We used two algorithms including enumeration algorithm (best algorithm) and random algorithm to compare with VMs-GSA in terms of the communications of VMs in Fig. 5. The best algorithm is to list the combination of all the VMs and find out the combination that has the least amount of traffic and makes the host a non-overloaded state. The random algorithm is to randomly select the VM from the overloaded host until the host is not overloaded. Figure 5 shows that compared with the random algorithm, the total amount of communication generated by VMs-GSA reduces about 35%. When the number of VMs is not large, the total amount of communication generated by VMs-GSA is approximately similar to the enumeration algorithm. When the number of VMs is large, the total amount of communication generated by the greedy algorithm increases about 30% than the optimal algorithm. However, the computational complexity of the enumeration algorithm is huge. Communication costs are reduced compared to algorithms in Vu and Hwang (2014).
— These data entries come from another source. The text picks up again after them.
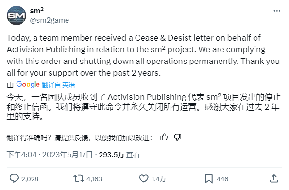 當天H2M官推就宣佈他們團隊收到了來自動視的侵權通知,並聲稱將“立即且永久關停一切運營”。在此之後,官推的簡介就只剩下了一個大寫的單詞:“已終結”(SHUTDOWN)。
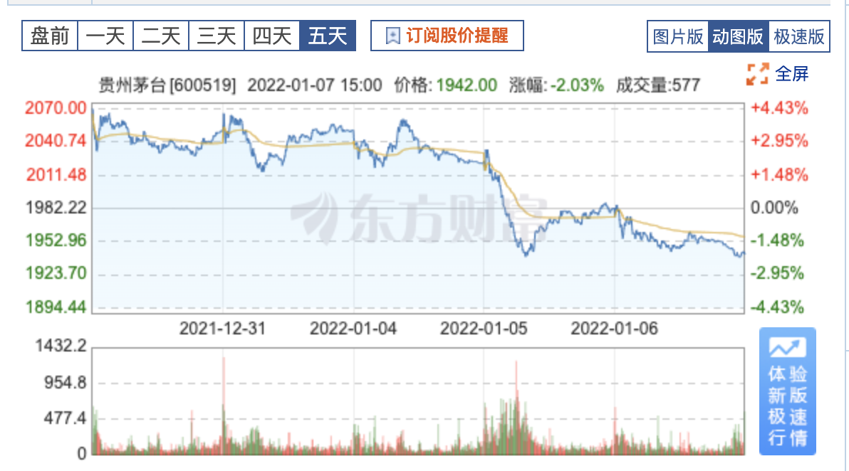 这样的消息属利好吧?可是,二级市场上,贵州茅台(600519)的股价却在这段时间接连“向后转”,开年4个交易日“四连阴”,周跌幅达5.27%;而就在去年末珍品酒传出即将推向市场的消息时,去年12月29日当天放量大跌4.54%,从而打开了近期的下跌通道,形成短期向下破位走势。去年12月24日,贵州茅台最高还达到2216.96元,本周收盘则报1942元了。
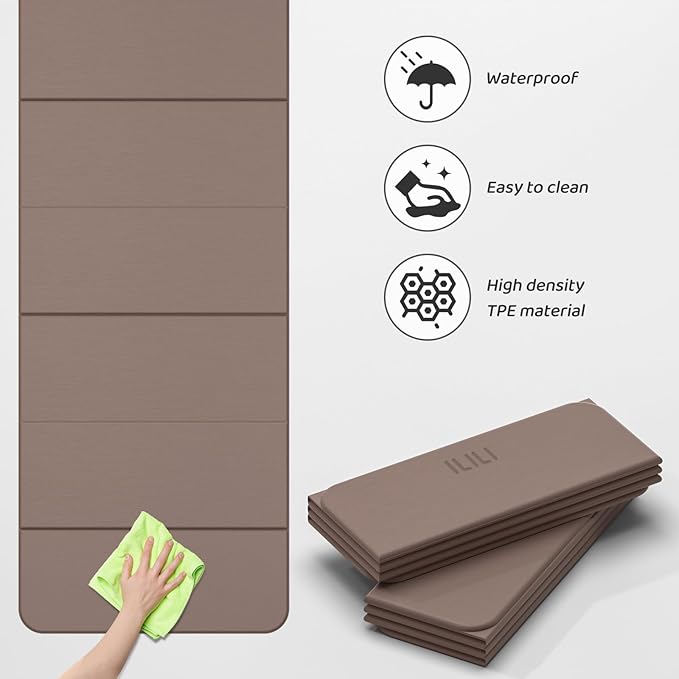 ILILI Foldable Yoga Mat 71 * 24 * 0.3'' - TPE Non-Slip Fitness Mat for Home,Waterproof & Lightweight (2lb) for Home gym, Pilates & Stretching,Fitness Workouts | 7-Fold Portable Design
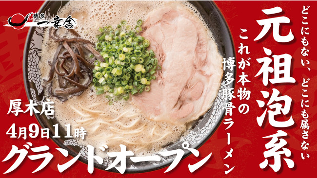 神奈川初出店!豚骨ラーメン『博多一幸舎』厚木店 4月9日グランドオープン。オープンから2日間は、各日先着100名にプレゼントキャンペーンも実施。

Figure 6 shows VM migration is almost 100% successful when the number of VMs is in the range of 21–25. However, As the number of VMs increases, the number of hosts is constant. The success rate of VM migration is decreasing when the number of virtual machines increases to 26, because the resources of these 8 hosts are limited. Figure 7 shows the average load of overloaded hosts before and after migration. The load of overloaded hosts drops significantly to the threshold after the migration. When the number of hosts is greater than 6, the hosts in the data center are basically fully utilized. Figure 8 shows the overload rate of the host is reduced by 50% after the migration. When the number of hosts is greater than 7, the overload rate of the host is 0. Experiments proved that the proposed VM migration algorithm based on heuristic reduces communication costs and is efficient.

6 Conclusion

VM migration can avoid exception in the host in the data center due to overload and achievement of load balancing. In this paper, we investigated traffic-aware heuristic VM migration problem in the data center which mainly focuses on reducing communication cost in the process of VM migration. The VM migration algorithm consists of two parts. We designed VMs-GSA in the first part to select VMs with the low communication costs, which greatly reduce the communication generated by VM migration. VMM-DAM is applied to the second part of VM migration to match hosts with the low communication costs and high revenue increment for VMs to be migrated. VMM-DAM allowed that sellers, i.e., the underutilized hosts, provided a discount to incent buyers to trade with himself for a lower unit price, which can make the host fully utilized as much as possible. The allocation algorithm of VMM-DAM made the selected VM from the same host migrate to the same host as much as possible, which reduces communication costs. The VM migration algorithm proposed in this paper achieves the load balancing of hosts and reduces the communication cost in the process of VM migration. Simulation experiment has shown that the VMs-GSA and VMM-DAM are traffic-aware and effective.